Craig A. Berry craigberry at nospam.mac.com
Wed Apr 13 21:27:52 EDT 2022


On 4/13/22 6:54 PM, Bob Gezelter wrote:
> On Wednesday, April 13, 2022 at 7:05:00 PM UTC-4, Craig A. Berry wrote:
>> On 4/13/22 3:10 PM, Simon Clubley wrote:
>>>  From https://www.theregister.com/2022/04/13/climate_mit_fortran/
>>>
>>> |CLiMA made the determination that old climate models, many of which were
>>> |built 50 years ago and coded in Fortran, had to go if there was going to be
>>> |any progress toward better climate models. Now that he's working at MIT on
>>> |the CGC project, he's realized that "traditional climate models are in a
>>> |language [MIT] students can't even read."
>>>
>>> Can't read the latest symbol-based (instead of word-based) language
>>> without lots of study ? Ok, that's a fair thing to say.
>>>
>>> But Fortran ??? Wow.
>> Um, the code written in the 1960s and 1970s as mentioned in the article
>> was probably not Fortran 77 or even Fortran 66. Unless I'm in a Star
>> Trek episode and 1977 actually came before the 1960s and most of the
>> 1970s. Fortran IV was limited to 6-character identifiers and used
>> Hollerith constants. Functions and subroutines were not available so you
>> would tend to see programs tens of thousands of lines long with GOTO all
>> over the place. It was unreadable to me when learning VAX Fortran in
>> 1983, so I can sympathize with someone who knows C++ or Java trying to
>> make sense of it now.
> Craig,
> 
> FORTRAN II (IBM 1620, circa 1960, 20K digits of storage) had full subroutines and functions.

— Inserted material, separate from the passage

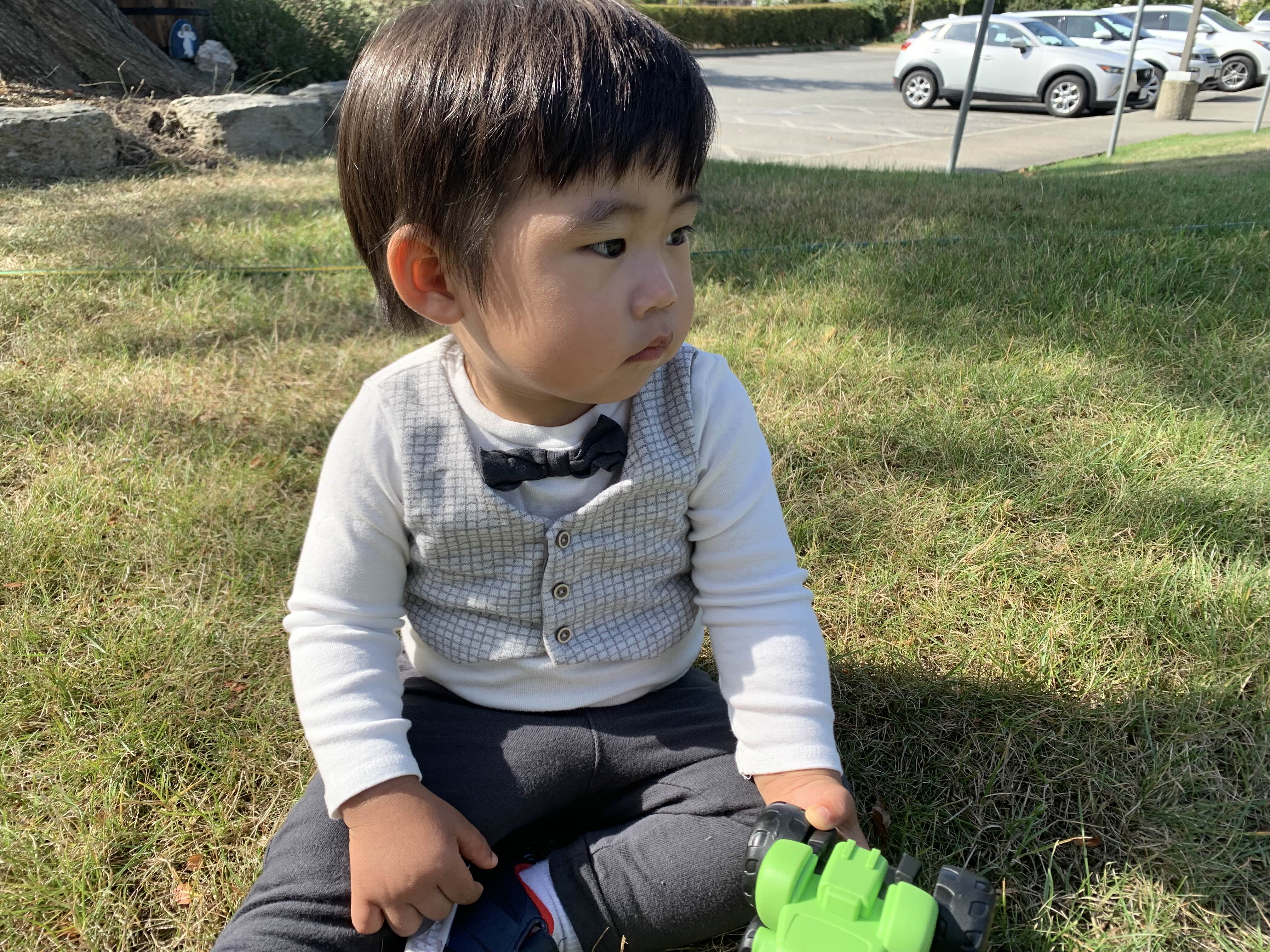 밖에 포클레인을 발견한 아들의 찐 행복한 표정! 너무 잘생겼잖아! 사랑해!!

OK.  I read the Wikipedia article wrong, specifically with regard to
functions and subroutines.  The fact they had them doesn't mean they
were used.

> Admittedly, many of these codes were not written to modern
> engineering standards, but one can decode them. Been there, done that (both in
> modern times, and when I was an undergraduate).

Right.  And of course you can decode a 40,000-line program with no
comments and 6-digit identifiers.  But it's work.  Arguably not worth
the effort 10 years after they were written, much less 50.